TASK DESCRIPTION:
Write out only the lines from the top of the listing below through the one with "Add bold style", exactly as they stand, while keeping pictures out of the copy.
++++ DATASET CONTENT ++++
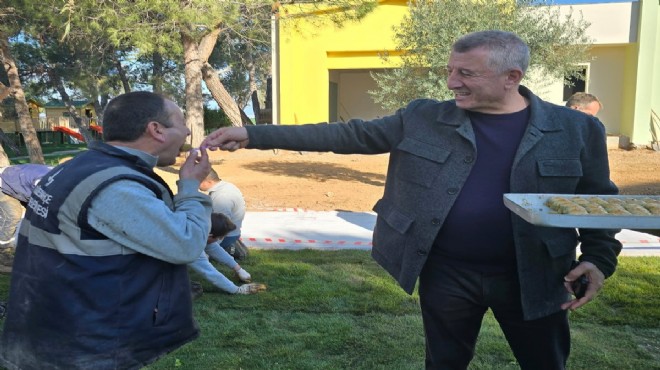Başkan Günay, Güzelbahçe Belediyesi Park Bahçeler, Fen İşleri ve Temizlik İşleri personelini sahada ziyaret ederek projelerin hızla gerçekleşmesi için canla başla çalışan işçilere tek tek teşekkür ederek elleriyle baklava ikram etti.
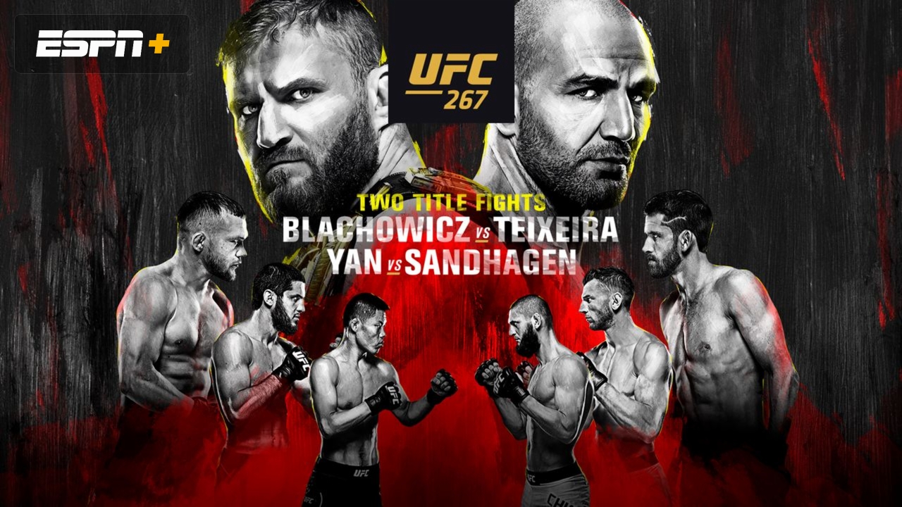 The main slate for UFC 267 features a six fight card. The card is headlined by two title fights. The first is an interim title matchup between former bantamweight champ Petr Yan and contender, Cory Sandhangen. The main event is for the undisputed light heavyweight championship of the world between champion Jan Blachowicz and #1 contender Glover Teixeira. All projections are based off a fighter’s CC rating and their place in the CC rankings.
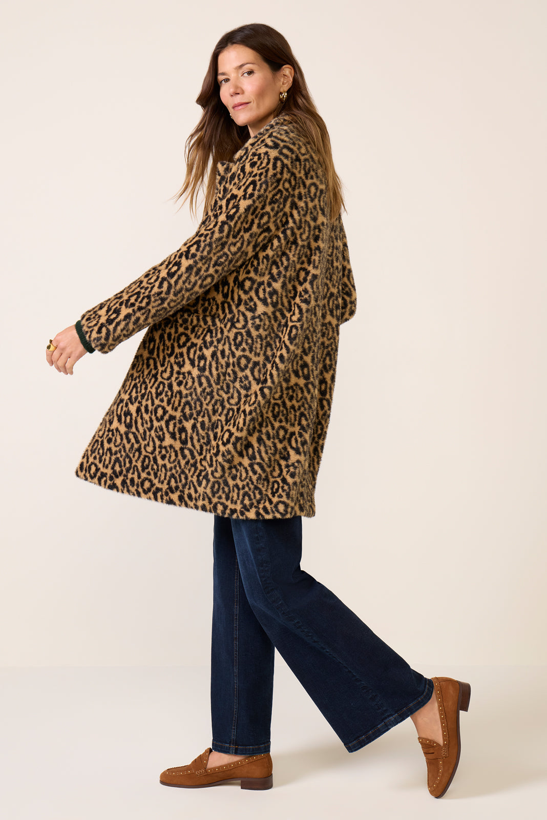 Add bold style to your layering collection with?this leopard print faux fur jacket by Sanctuary. The Hometown Jacket features a longline silhouette with a notched collar. front button closures. and patch pockets.
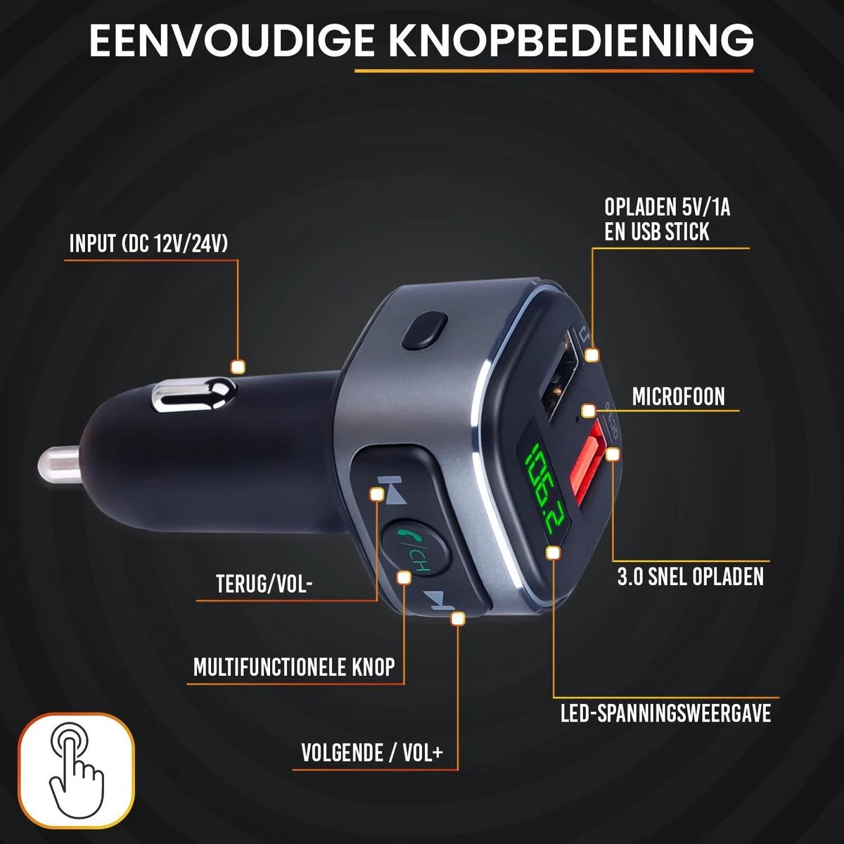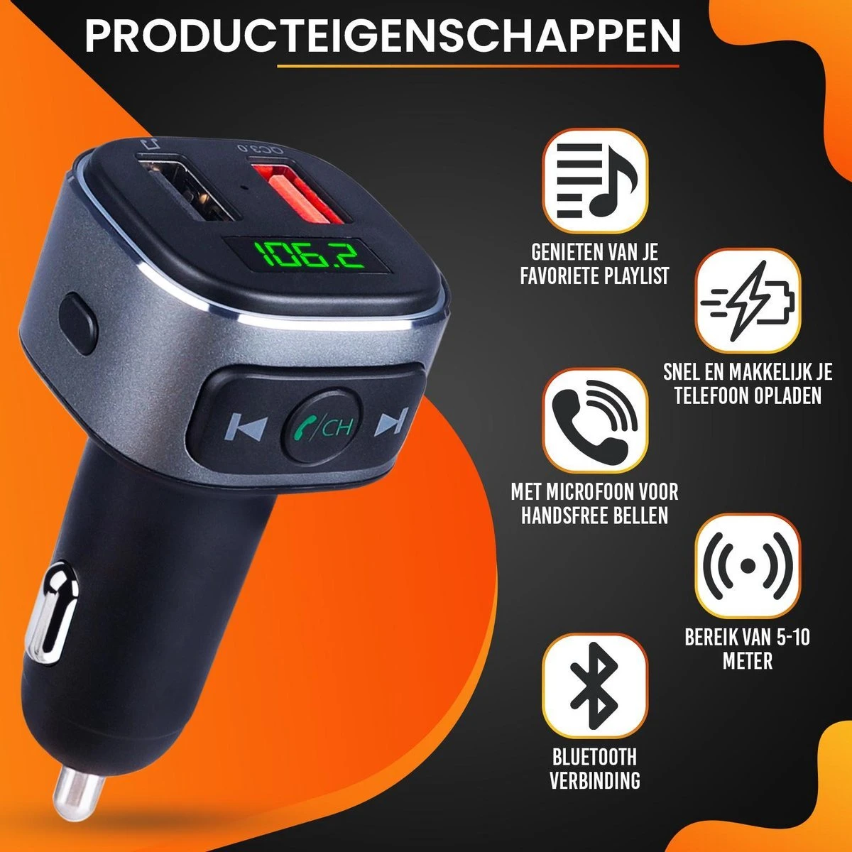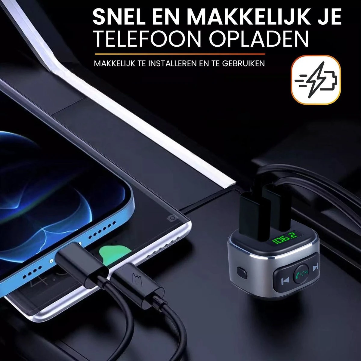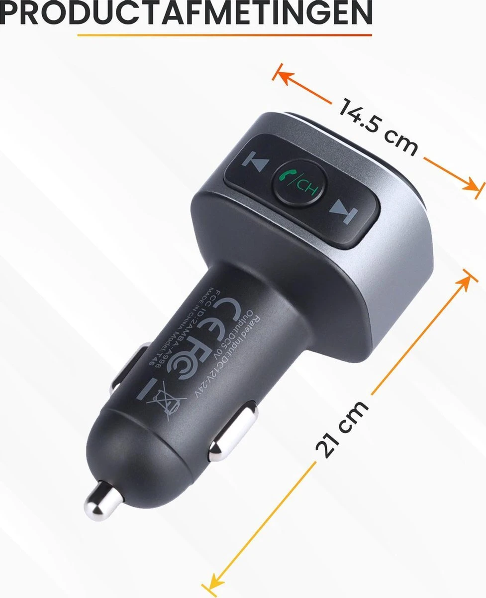 Plaats de FM transmitter in het sigarettenaansteker van het voertuig. Koppel je smartphone (eenmalig) via Bluetooth. Stel de frequentie van de autoradio in op de vrije frequentie (of naar eigen wens) die wordt aangegeven op de transmitter. Voorbeelden: 87,5, 87,6, 107,9 of 108FM. De transmitter is nu succesvol verbonden en klaar voor gebruik. Zet het volume van de smartphone op de hoogste stand om ruis te voorkomen. Regel het geluid in de auto via de bediening van de radio.
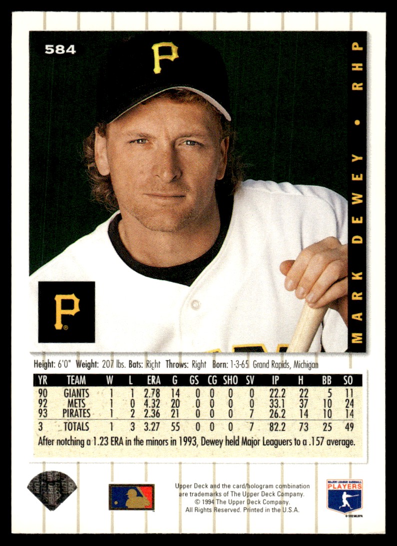 | 1994 Collector's Choice Mark Dewey Pittsburgh Pirates #584 |
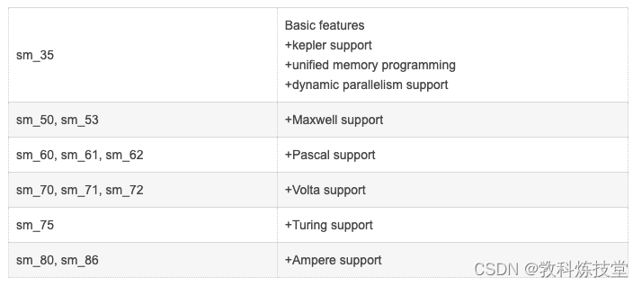 | compute_35 compute_37 | Kepler support(开普勒架构) Unified memory programming Dynamic parallelism support |
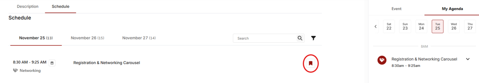 Click 'Add to My Agenda' to build your personal schedule.
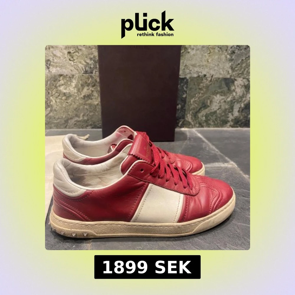 Snygga röda och vita sneakers från Valentino med snörning och nitar på sulan. Skorna har en stilren design med kontrasterande färger och är perfekta för en trendig look.
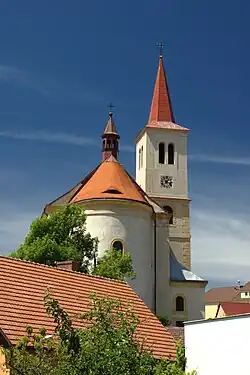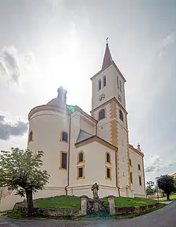 Kostel je podélnou jednolodní stavbou s odsazeným půlkruhovým závěrem. Hranolová gotická věž a sakristie se nachází při jeho severním boku. Při jižním boku je předsíň. Západní průčelí kostela je vrstvené, má volutový štít a v pěti výklencích se nacházely velké dřevěné sochy. Okna jsou ve dvou pořadích: dole jsou obdélná a nahoře půlkruhově sklenutá.[1]
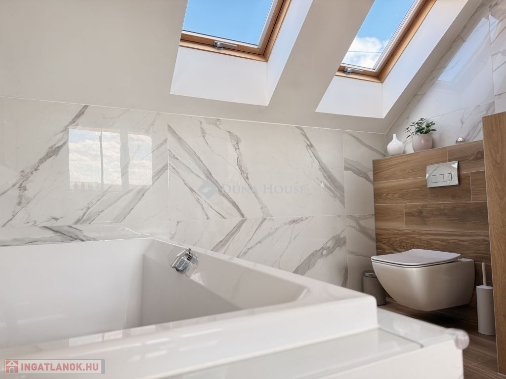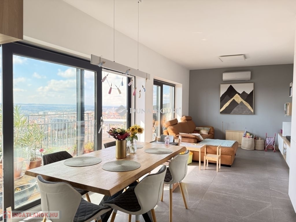 Pécs-Mecsekoldal jól megközelíthető részén, a Havihegyen eladó egy 2021-ben épült, ÖRÖKPANORÁMÁS, belső kétszintes, 80 m2 lakótérrel rendelkező, amerikai konyha nappali+ 2 hálószoba, fürdő-wc, vendég wc elosztású lakás dupla terasszal(+60m2), 4 m2-es tárolóval, 19m2-es teremgarázshellyel és akár a teljes berendezéssel együtt!A két lakásos társasház prémium minőségben került kivitelezésre, falai 30-as Porotherm klíma téglából épültek és 10 cm-es grafitos szigetelést kaptak. Fűtése kondenzációs kombi kazánról padlófűtéssel üzemeltethető és rendelkezésre áll szintenként egy-egy GREE 3,5kW-os hűtő fűtő klíma is.Extrák:- vízlágyító és víztisztító berendezés- elektromos redőnyök szúnyoghálóval- süllyesztett tolóajtó- Hörmann elektromos garázskapu- Servo-drive(önzáró) konyhabútor, beépített AEG gépekkel, borhűtő- magas minőségű burkolatok, egyedileg gyártott beépített bútorok, Villeroy & Boch szaniterek, Hansgrohe szerelvények- Szél&fényérzékelős automata napellenző- jakuzzi kiállás- riasztó előcsövezésAz ingatlan gyorsan költözhető!
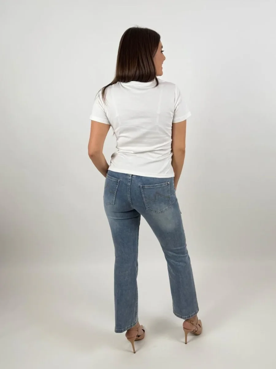 Scegli i jeans skinny in misto cotone elasticizzato effetto used con strass sul davanti. Design cropped per un look casual dal fascino glamour.
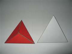 左のが正四面体を合同に4分割した三角錐です。右の写真は4つ集めて正四面体にしている途中です。これを8個作ってつなげたのが次の写真です。
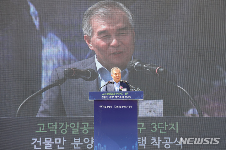 [서울=뉴시스] 권창회 기자 = 김현기 서울시의회 의장이 31일 오후 서울 강동구 고덕강일 공공주택지구 3단지 현장에서 열린 건물만 분양 백년주택 착공식에서 축사를 하고 있다. 2023.05.31. [email protected]
++++
RESPONSE:
Başkan Günay, Güzelbahçe Belediyesi Park Bahçeler, Fen İşleri ve Temizlik İşleri personelini sahada ziyaret ederek projelerin hızla gerçekleşmesi için canla başla çalışan işçilere tek tek teşekkür ederek elleriyle baklava ikram etti.
 The main slate for UFC 267 features a six fight card. The card is headlined by two title fights. The first is an interim title matchup between former bantamweight champ Petr Yan and contender, Cory Sandhangen. The main event is for the undisputed light heavyweight championship of the world between champion Jan Blachowicz and #1 contender Glover Teixeira. All projections are based off a fighter’s CC rating and their place in the CC rankings.
 Add bold style to your layering collection with?this leopard print faux fur jacket by Sanctuary. The Hometown Jacket features a longline silhouette with a notched collar. front button closures. and patch pockets.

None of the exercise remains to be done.